• **Data for this exercise**
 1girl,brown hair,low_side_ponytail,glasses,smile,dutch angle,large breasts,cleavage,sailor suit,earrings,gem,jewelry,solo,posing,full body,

...

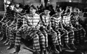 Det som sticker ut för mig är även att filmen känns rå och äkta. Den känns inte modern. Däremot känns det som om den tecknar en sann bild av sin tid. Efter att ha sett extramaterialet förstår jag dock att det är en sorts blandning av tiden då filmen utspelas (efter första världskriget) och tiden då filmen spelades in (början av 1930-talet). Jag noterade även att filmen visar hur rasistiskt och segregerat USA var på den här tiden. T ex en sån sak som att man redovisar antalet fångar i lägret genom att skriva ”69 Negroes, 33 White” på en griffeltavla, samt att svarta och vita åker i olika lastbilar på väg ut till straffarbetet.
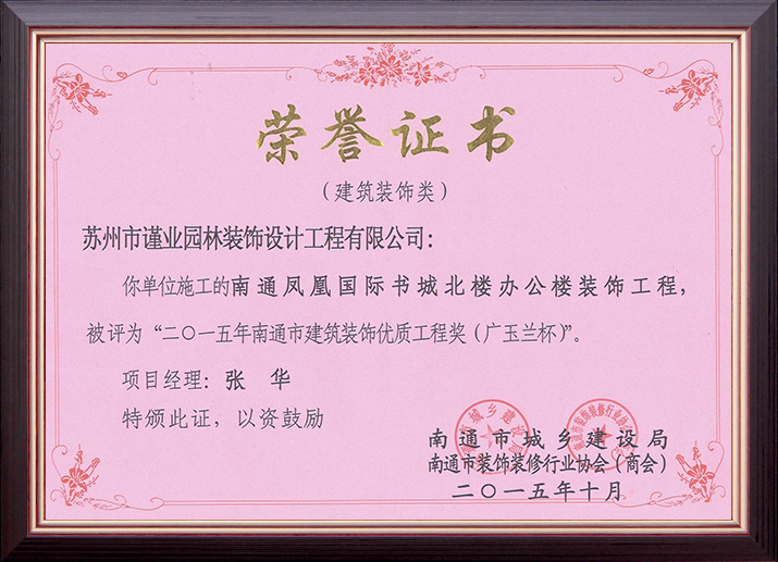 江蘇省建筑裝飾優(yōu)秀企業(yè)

* * *

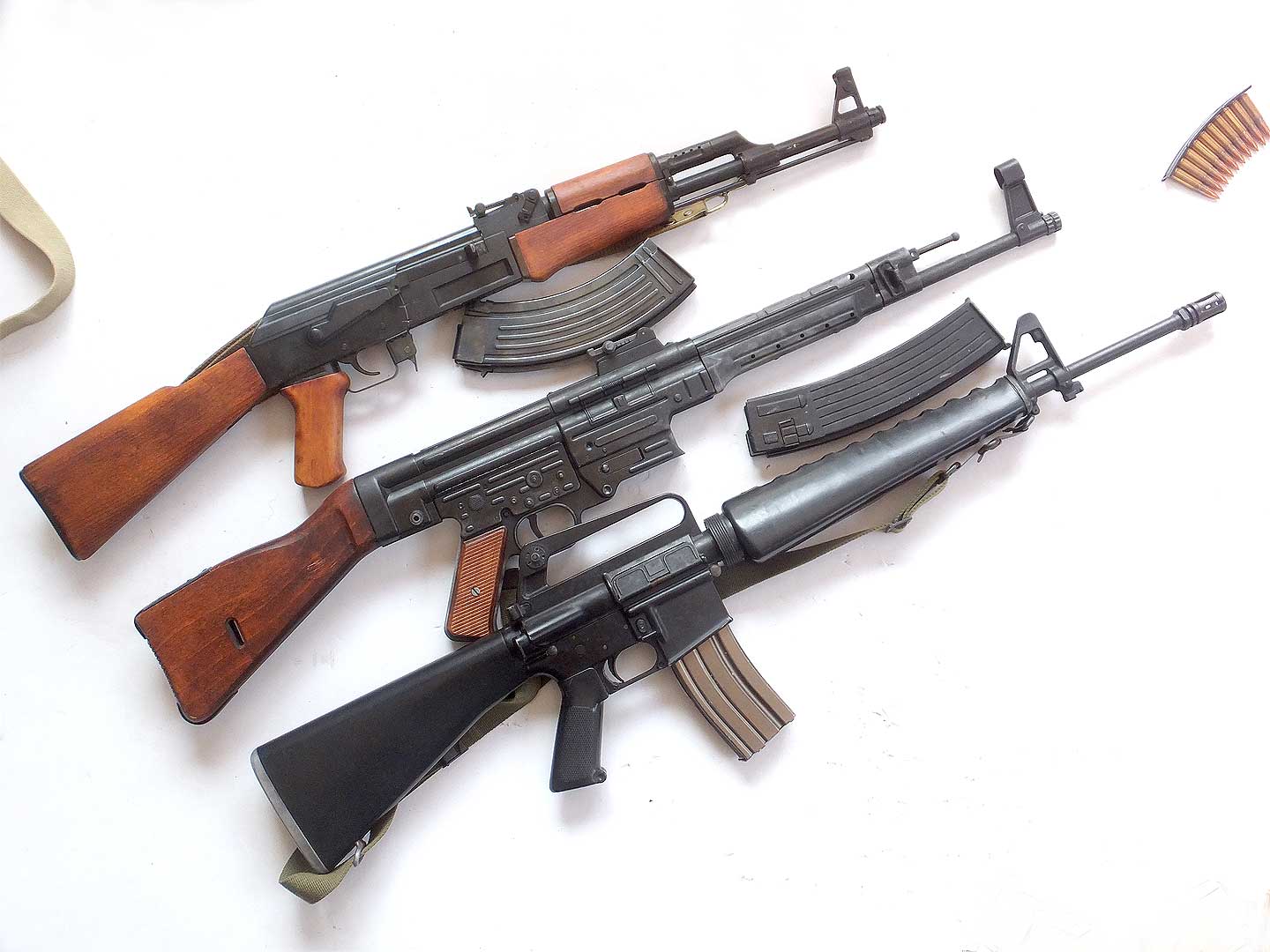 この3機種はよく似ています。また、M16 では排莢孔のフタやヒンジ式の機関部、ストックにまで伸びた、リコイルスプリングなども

• **Task instructions**
Word for word, retype the lines in the entries above that run from the one with "Det som sticker" through the one with "江蘇省建筑裝飾優(yōu)秀企業(yè)". Both ends count; pictures do not.

• **Response to the task**
 Det som sticker ut för mig är även att filmen känns rå och äkta. Den känns inte modern. Däremot känns det som om den tecknar en sann bild av sin tid. Efter att ha sett extramaterialet förstår jag dock att det är en sorts blandning av tiden då filmen utspelas (efter första världskriget) och tiden då filmen spelades in (början av 1930-talet). Jag noterade även att filmen visar hur rasistiskt och segregerat USA var på den här tiden. T ex en sån sak som att man redovisar antalet fångar i lägret genom att skriva ”69 Negroes, 33 White” på en griffeltavla, samt att svarta och vita åker i olika lastbilar på väg ut till straffarbetet.
 江蘇省建筑裝飾優(yōu)秀企業(yè)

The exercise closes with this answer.